Del Dangurs watched it all from his excellent automobile and found the entire scene quite fascinating. He wanted to get into the house to dig for more insider information on Colonel Garrett and his Pulitzer prize winning series on the paradox between those in combat and those on the home front. After all, it had been his call to Nina that had prompted the whole NCBI idea. He was truly brilliant.

Now, he needed the football player out of the house and then the possibilities were endless. Perhaps even go find Julie Nguyen and soil the good Colonel’s bed sheets. Sweetness.

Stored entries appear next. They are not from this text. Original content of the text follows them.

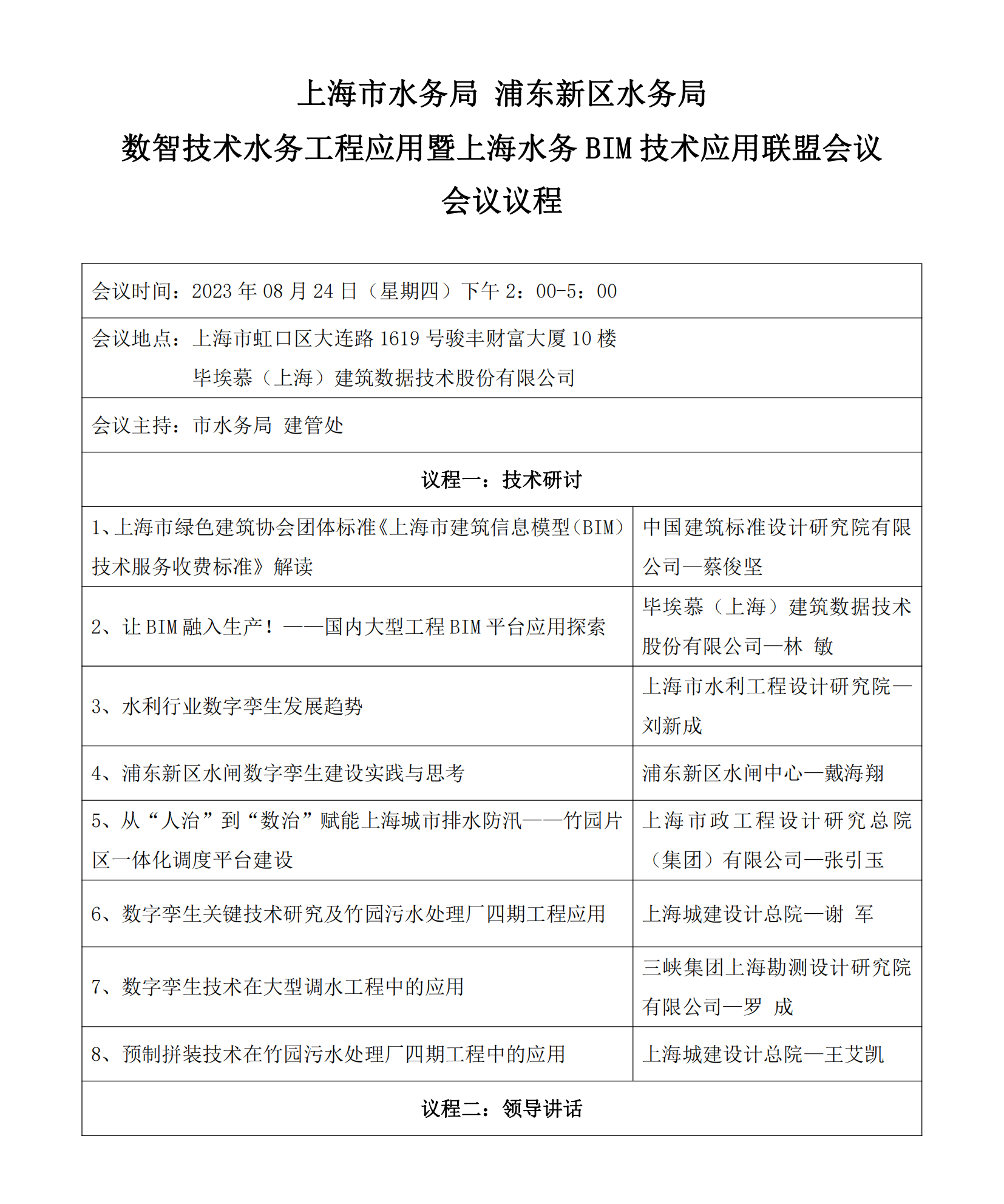 8月24日,市水务局联合浦东新区水务局召开“数智技术水务工程应用暨上海水务BIM技术应用联盟会议”,进一步推动新技术赋能新阶段水务事业高质量发展,全力推进浦东新区引领区水务工程高质量建设。会议在毕埃慕(上海)建筑数据技术股份有限公司举行,市水务局副局长周建国、浦东新区水务局总工张红出席会议。科信处,建管处、市堤防建设中心、水利事务中心、水务安质监站以及上海水务BIM技术应用联盟21家成员单位60多位领导和专家参加会议。
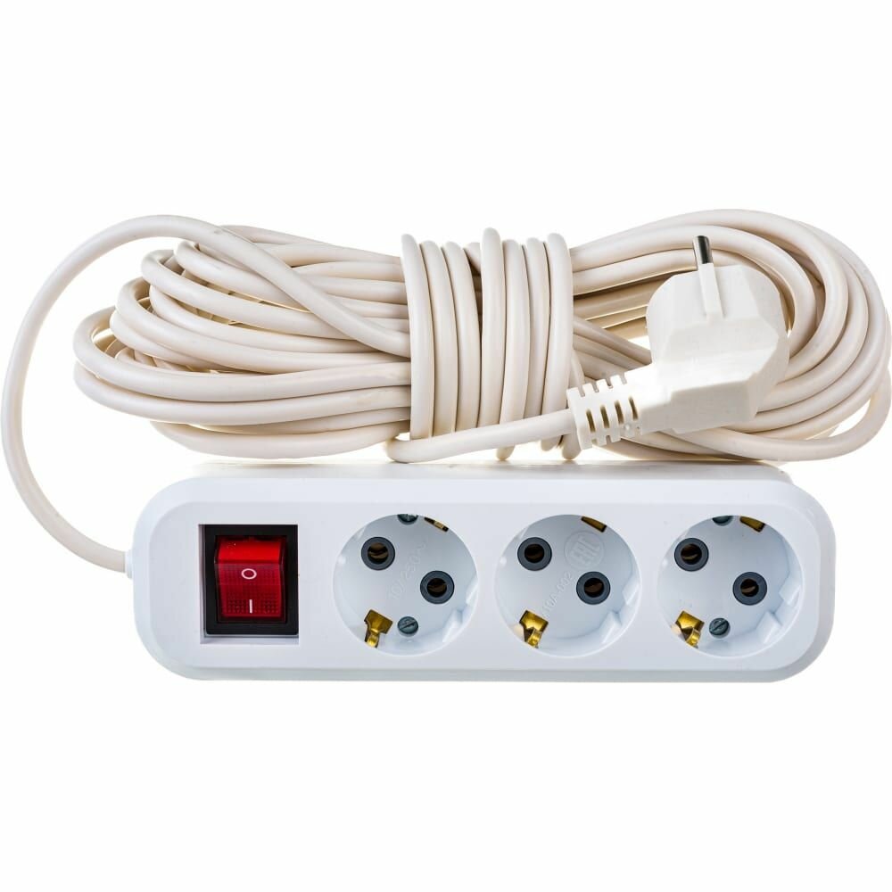 Удлинитель трехместный с/з с выключателем HM03-31-10 3x0,75, 10м, серия Home (У10А-002), белый, STEKKER 39522 (1 шт.)
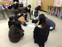 自分にとってどういう体験だったかをグループで振り返ります。心も体もリラックスしたためか、和やかで穏やかな時間が流れました。

He watched the football player enter from the rear and then come running out of the house quickly, looking over his shoulder, as if being chased.

CHAPTER 29

Bagram Air Base, Afghanistan
Saturday

Mary Ann Singlaub, military correspondent for the Charlotte Observer, tossed her Greenbeans Coffee cup into the trash receptacle, blew her bangs away from her forehead and grabbed her steno pad. There was a story brewing. She could feel it, and it wasn’t at the Big Army end of the base here in Afghanistan.

The shooting down of the MH-47 was the big news, but that story was out. She had been able to get a couple of exclusives with some of the recovery team who had cycled back from the crash site, which was some damn good journalistic work, if she did say so herself.

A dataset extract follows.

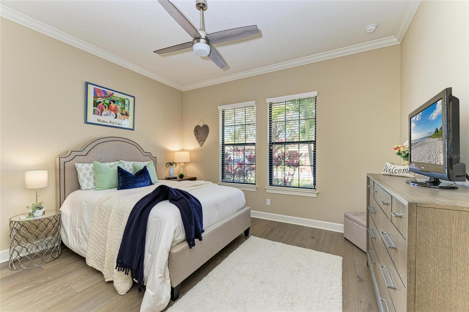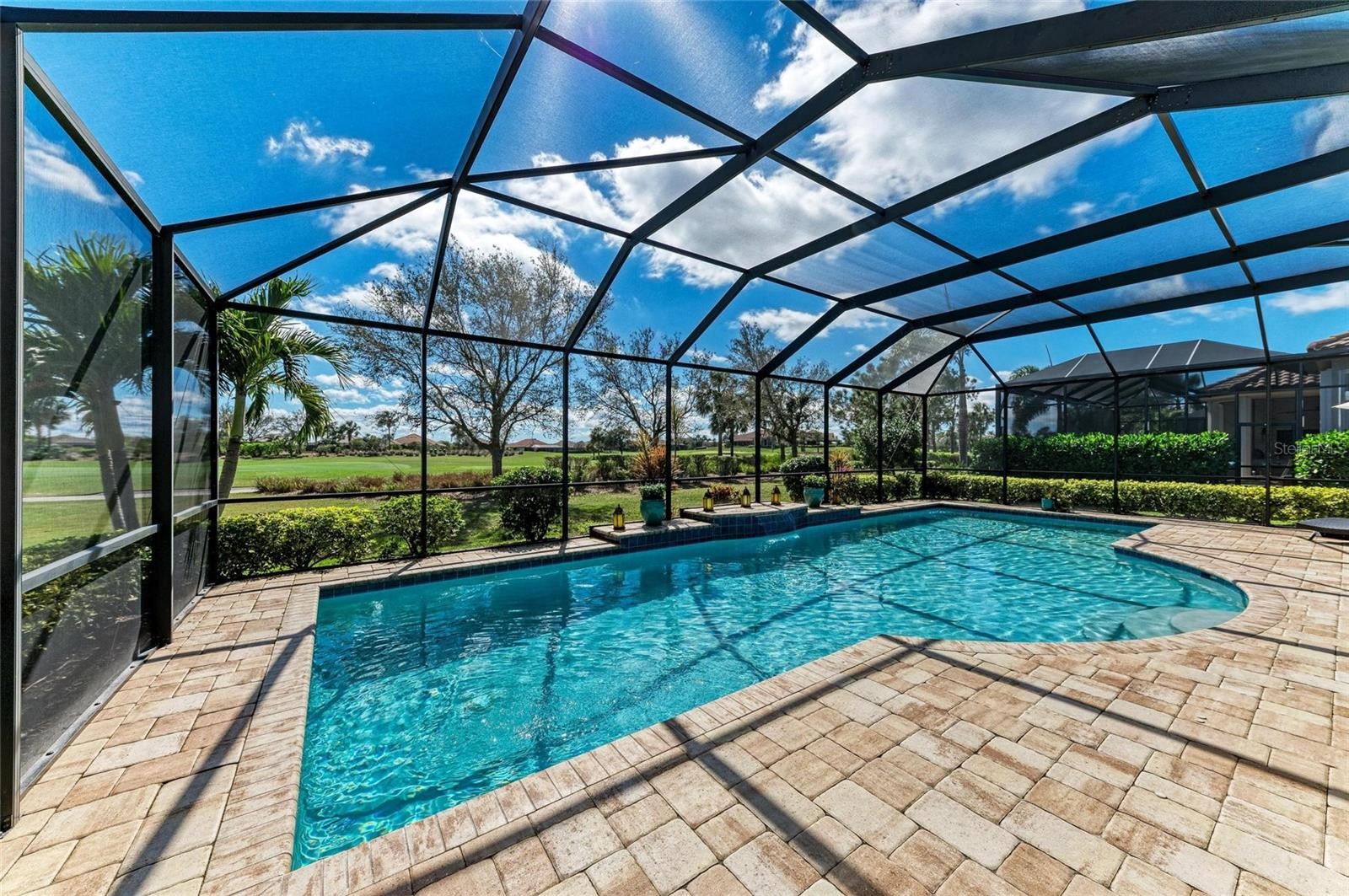 MAJOR PRICE REDUCTION ($300,000 in SAVINGS) PLUS A REGISTERED GOLF CART INCLUDED ($20k retail value) PLUS PARTIAL FURNITURE PACKAGE – WITH AN ACCEPTABLE CONTRACT BY THE END OF DECEMBER 2025. Seize this limited time value opportunity to own the LOWEST priced Pallazio pool home on a GOLF-DEEDED LOT with direct views of golf course near hole #1 in Esplanade Golf & Country at Lakewood Ranch! True Play-In, Play-Out Convenience, here you can take advantage of the recent updates including NEW exterior and interior paint, NEW upgraded landscaping, and NEW LED lighting. This highly sought-after floor plan offers breathtaking southern exposure overlooking lush fairways. Enter through the grand double doors into a foyer with adorned columns, a tray ceiling, and soaring ceilings that flow into the expansive open-concept great room. Crown molding and disappearing pocket sliders fill the space with natural light and open to the lanai, showcasing an impressive 40-foot pool perfect for swimming laps or relaxing. The gourmet kitchen features Cambria quartz countertops, a crema Marfil marble backsplash, stainless steel appliances including a natural gas cooktop and built-in oven, a wine refrigerator, and an oversized island with chic pendant lighting, ample storage, and generous workspace. The extended kitchen offers a separate breakfast area opens to the lanai, enhancing the home’s indoor-outdoor flow. The extended primary suite is privately located and offers a spa-like en-suite bath with dual sinks, frameless glass shower, soaking tub, private water closet, and a large walk-in closet. Two guest bedrooms provide comfort and privacy—one with an en-suite bath featuring a frameless glass shower and quartz countertops, and the other with access to a full bath with quartz countertops and a shower/tub combination. A generously sized study/den with double doors offers flexible use and can easily serve as a 4th bedroom. The extended screened lanai includes a large, covered area, expansive paver deck, and sweeping golf course views, with motorized hurricane Kevlar screens for added convenience. The professionally extended driveway accommodates 3-cars, and the epoxy-floored garage includes overhead storage racks. Additional features include a newer washer and dryer in the spacious laundry room with a utility sink, under-cabinet storage, and drop zone. Esplanade’s amenities include an 18-hole championship golf course, tennis and pickleball courts, two fitness centers, two resort-style pools, a full-service spa and salon, on-site dining at the Bahama Bar and Barrel House Bistro, bocce ball, a bark park, and an active social calendar. Lawn maintenance is included in the HOA fees. Located in Lakewood Ranch, near University Town Center, Sarasota Polo Club, farmers’ markets, trails, parks, award-winning beaches, and SRQ and TPA airports, this home offers the best of Florida living. This is a rare, limited-time opportunity to own at an amazing price in a fully built-out, established neighborhood—no new construction, no disruptions, just a beautiful home ready for your enjoyment

On her third tour in a combat zone, Mary Ann had become expert at using her best asset to her advantage. At the end of the day, it was all very simple. She was a strikingly beautiful woman who, with those deep brown eyes and chestnut hair, could make even the most hardened Special Operations soldier blush. She always chose her attire carefully, definitely LL Bean and Northface, which allowed her to blend in. But some days required a size 2 instead of a size 4 in order to set the hook, get them looking.

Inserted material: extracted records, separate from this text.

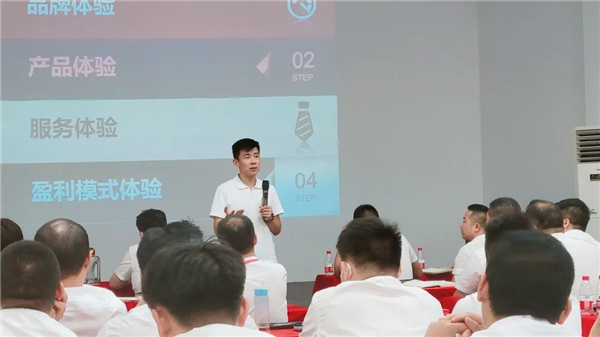 市場部部長就1-7月份終端形象提質升級情況進行了總結。他就門店設計流程內容和形象升級過程中的注意事項進行了詳細剖析,接下來還將加強設計和廣告畫面輸出內容,同時為更好地開展門店設計和品牌宣傳工作,他也對全體營銷人員數據和門店實際情況信息上傳工作提出了要求標準。
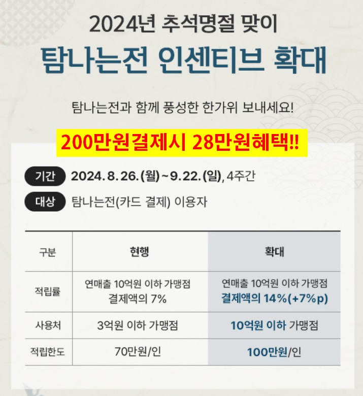 | 탐나는전 추석맞이 최대14%적립혜택 2024.08.26 |
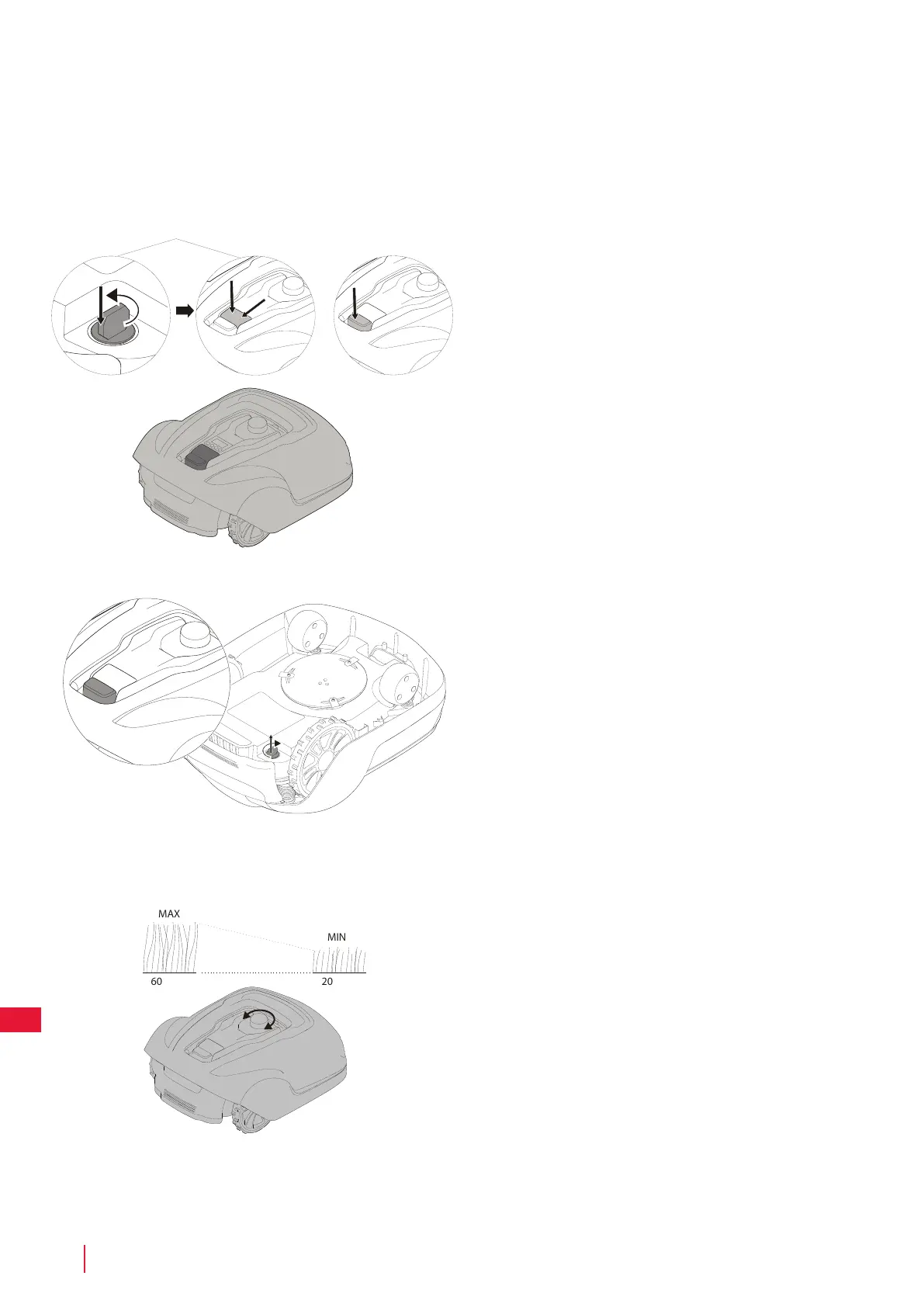 Okrenite gumb za namještanje visine košnje u željeni položaj. Odabrana
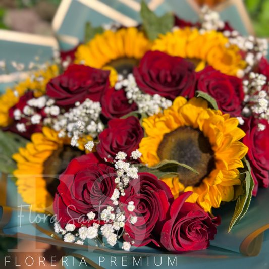 Ramos de 15 rosas rojas y 6 girasoles envuelto en papel coreano, envía flores a domicilio
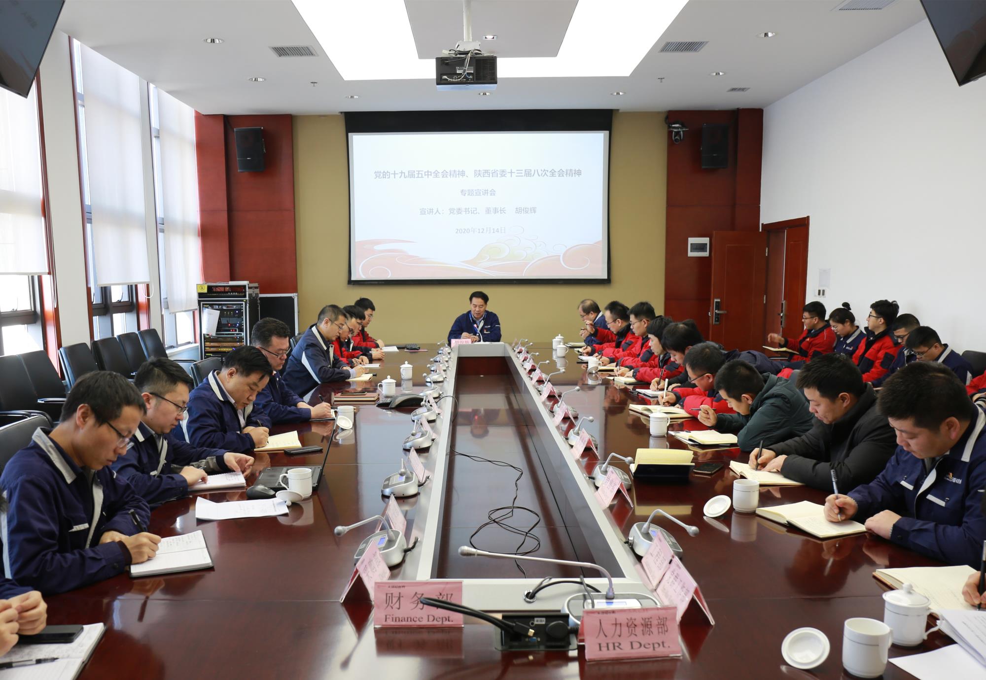 12月14日上午,天瑞硅材料在公司行政樓四樓視頻會(huì)議室召開(kāi)黨的十九屆五中全會(huì)精神暨陜西省委十三屆八次全會(huì)精神專(zhuān)題宣講會(huì),陜西有色金屬集團(tuán)宣講團(tuán)成員、天瑞硅材料黨委書(shū)記、董事長(zhǎng)胡俊輝主講。公司班子成員、中層干部及職工代表40余人參加了宣講會(huì)。

Today was a size-2 kind of day.

With just two days remaining until she jumped on an airplane to head back to Charlotte, she wanted the juice one last time. Always in a constant battle with her editor, Mary Ann refused to write a story that was in any way negative or inflammatory. She wrote human interest stories that somehow always seemed to work. In her view, there were enough journalistic predators out there digging for the nefarious deeds, and she was quite comfortable that all that was bad would be sufficiently reported. No, her perspective, her niche, was to bring home the good news. She sought the uplifting news about heroism and triumph over tragedy.